Task material:
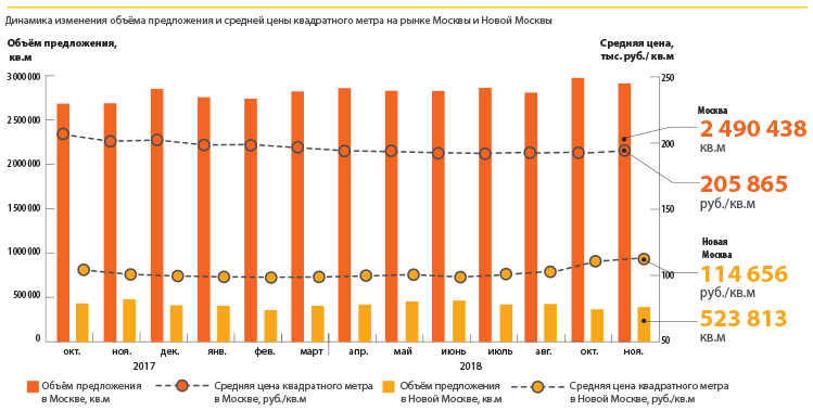 В декабре 2018г. средневзвешенная цена НАО составила 117,4 тыс. р./кв. м., прирост относительно ноября составил 2,9%. Средневзвешенная цена ТАО в исследуемый период прибавила 0,5% и составила 71,9 тыс. р./кв. м».
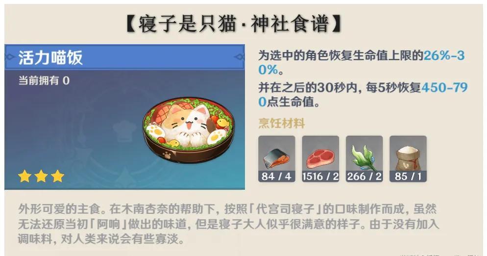 【寝子是只猫】为系列世界任务,和稻妻【踏鞴物语】一样需要分多天完成。其中活力喵饭所在的神社食谱这一任务是在第四天~
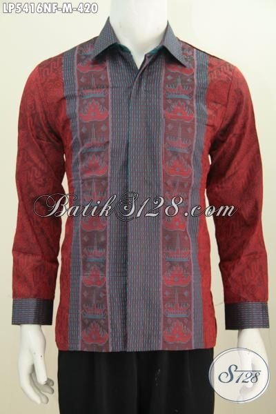 Hem Tenun Lengan Panjang Warna Merah, Produk Busana Tenun Istimewa Dengan Daleman Full Furing Bikin Penampilan Makin Gagah Dan Percaya Diri [LP5416NF-M]
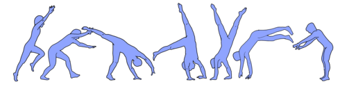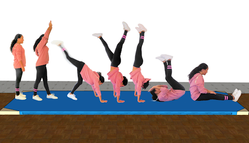 Lean back and flip into a handstand position, then land on your feet again. It’s a classic tumbling move that feels like flying backward!
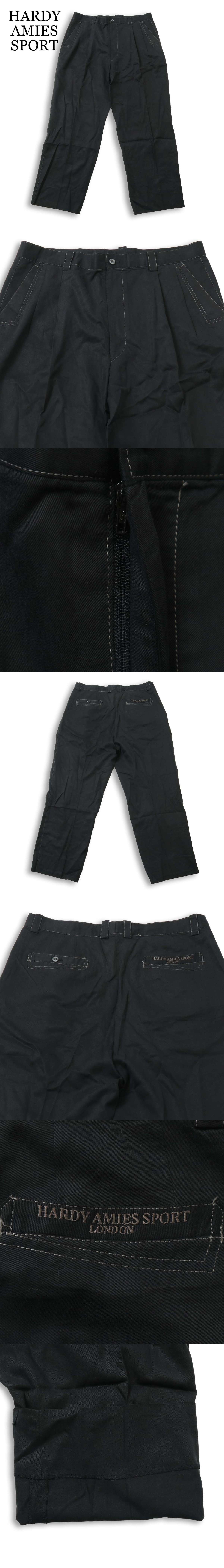 HARDY AMIES SPORT ハーディエイミス 通年 ロゴ刺繍★ テンセル スラックス パンツ Sz.95 メンズ 黒 日本製 大きいサイズ 收藏
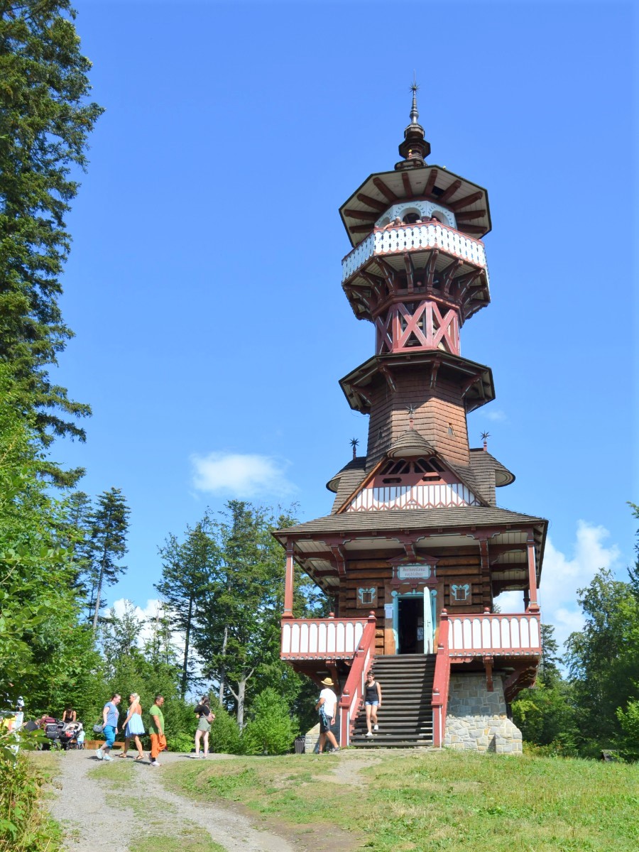 Další den jsme se vydaly autem do Rožnova pod Radhoštěm. Navštívily jsme Valašské muzeum v přírodě, které sestává z Dřevěného městečka, Valašské dědiny a Mlýnské doliny. Nad areálem na Karlově kopci se tyčí Jurkovičova rozhledna. Byla postavena v roce 2012 podle projektu Dušana Jurkoviče. Je vysoká 31 m a vede k ní cesta dlouhá asi 1 km s převýšením 100 m. Posílené výbornými haluškami jsme ji zdárně pokořily. Zajímavostí je, že je to první Jurkovičův samostatný projekt, který zpracoval ve svých 29 letech v roce 1896.

Task directions: Repeat word for word the lines above, from the first entry through the line containing "HARDY AMIES SPORT", with both ends kept and the pictures dropped.

Reply to the task:
 В декабре 2018г. средневзвешенная цена НАО составила 117,4 тыс. р./кв. м., прирост относительно ноября составил 2,9%. Средневзвешенная цена ТАО в исследуемый период прибавила 0,5% и составила 71,9 тыс. р./кв. м».
 【寝子是只猫】为系列世界任务,和稻妻【踏鞴物语】一样需要分多天完成。其中活力喵饭所在的神社食谱这一任务是在第四天~
 Hem Tenun Lengan Panjang Warna Merah, Produk Busana Tenun Istimewa Dengan Daleman Full Furing Bikin Penampilan Makin Gagah Dan Percaya Diri [LP5416NF-M]
 Lean back and flip into a handstand position, then land on your feet again. It’s a classic tumbling move that feels like flying backward!
 HARDY AMIES SPORT ハーディエイミス 通年 ロゴ刺繍★ テンセル スラックス パンツ Sz.95 メンズ 黒 日本製 大きいサイズ 收藏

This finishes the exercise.